**ASSIGNMENT:** Restate word for word the lines below from the one that has "Polished 14kt yellow" through the one that has "Featuring a washed", keeping both and dropping all pictures.

== INFORMATION SUPPLIED

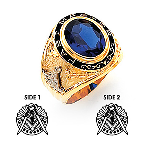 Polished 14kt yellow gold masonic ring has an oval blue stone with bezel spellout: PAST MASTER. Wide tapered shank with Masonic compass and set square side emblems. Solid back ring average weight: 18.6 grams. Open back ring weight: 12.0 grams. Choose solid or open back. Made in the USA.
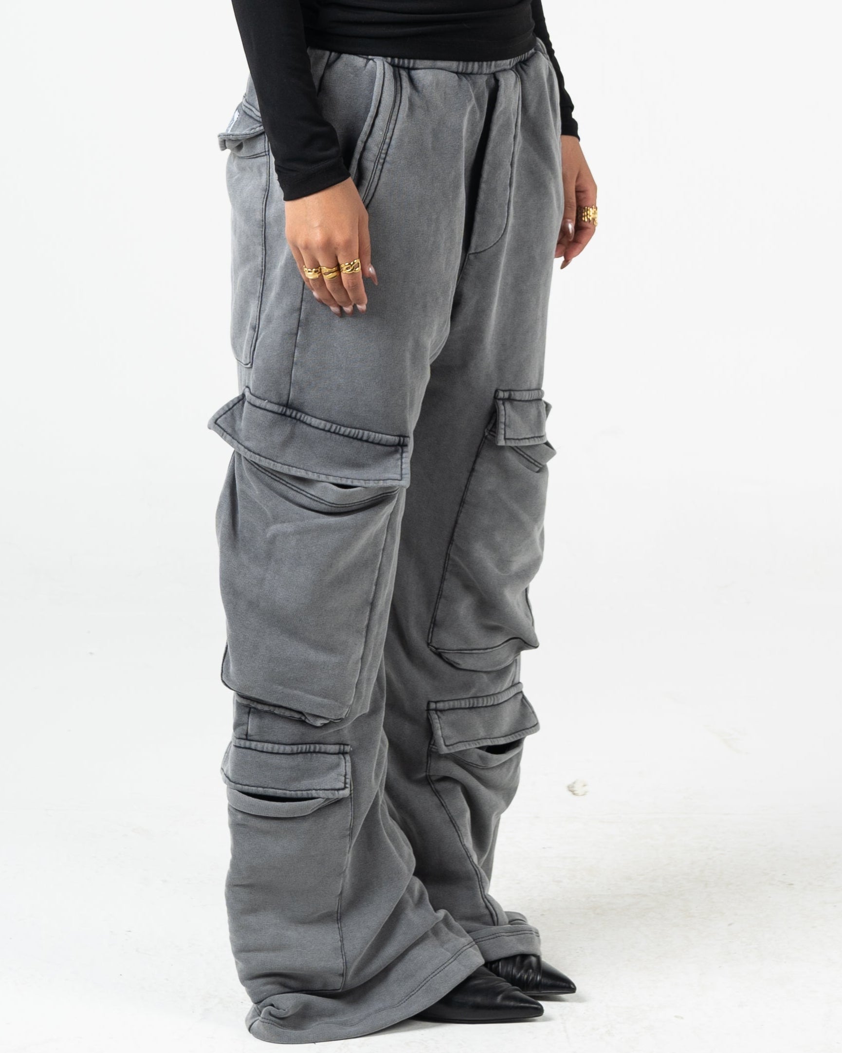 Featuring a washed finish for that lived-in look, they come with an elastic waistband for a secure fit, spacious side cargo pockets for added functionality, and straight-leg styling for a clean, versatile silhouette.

====
== INFORMATION SUPPLIED

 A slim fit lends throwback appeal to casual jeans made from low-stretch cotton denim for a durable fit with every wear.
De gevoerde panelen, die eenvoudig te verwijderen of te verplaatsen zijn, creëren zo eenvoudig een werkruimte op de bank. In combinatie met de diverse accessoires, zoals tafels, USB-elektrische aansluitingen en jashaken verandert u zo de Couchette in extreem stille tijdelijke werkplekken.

====
== INFORMATION SUPPLIED

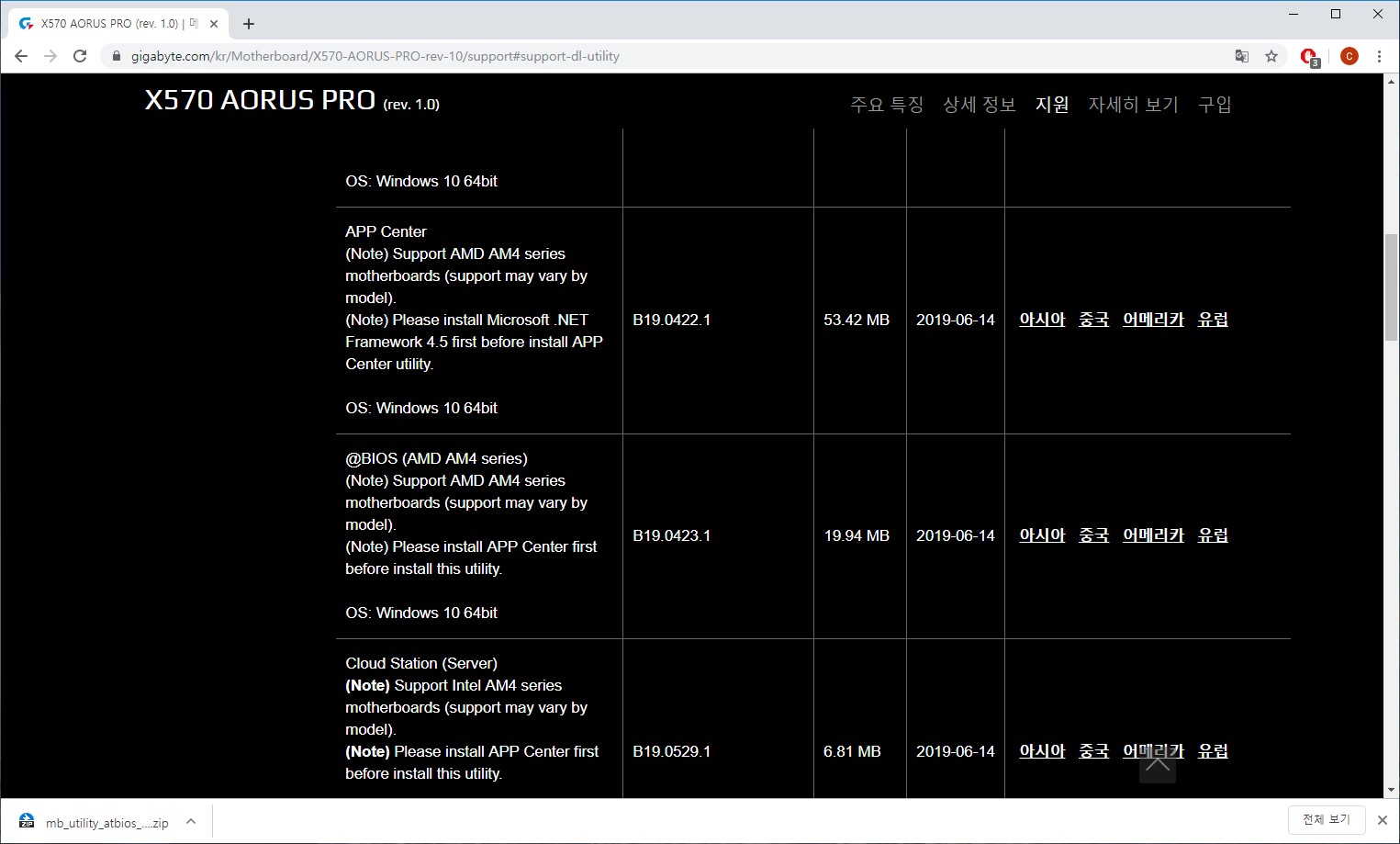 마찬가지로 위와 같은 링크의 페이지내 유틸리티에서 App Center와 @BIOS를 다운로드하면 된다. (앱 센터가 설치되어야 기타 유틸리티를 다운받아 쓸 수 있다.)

====

**RESPONSE:**
 Polished 14kt yellow gold masonic ring has an oval blue stone with bezel spellout: PAST MASTER. Wide tapered shank with Masonic compass and set square side emblems. Solid back ring average weight: 18.6 grams. Open back ring weight: 12.0 grams. Choose solid or open back. Made in the USA.
 Featuring a washed finish for that lived-in look, they come with an elastic waistband for a secure fit, spacious side cargo pockets for added functionality, and straight-leg styling for a clean, versatile silhouette.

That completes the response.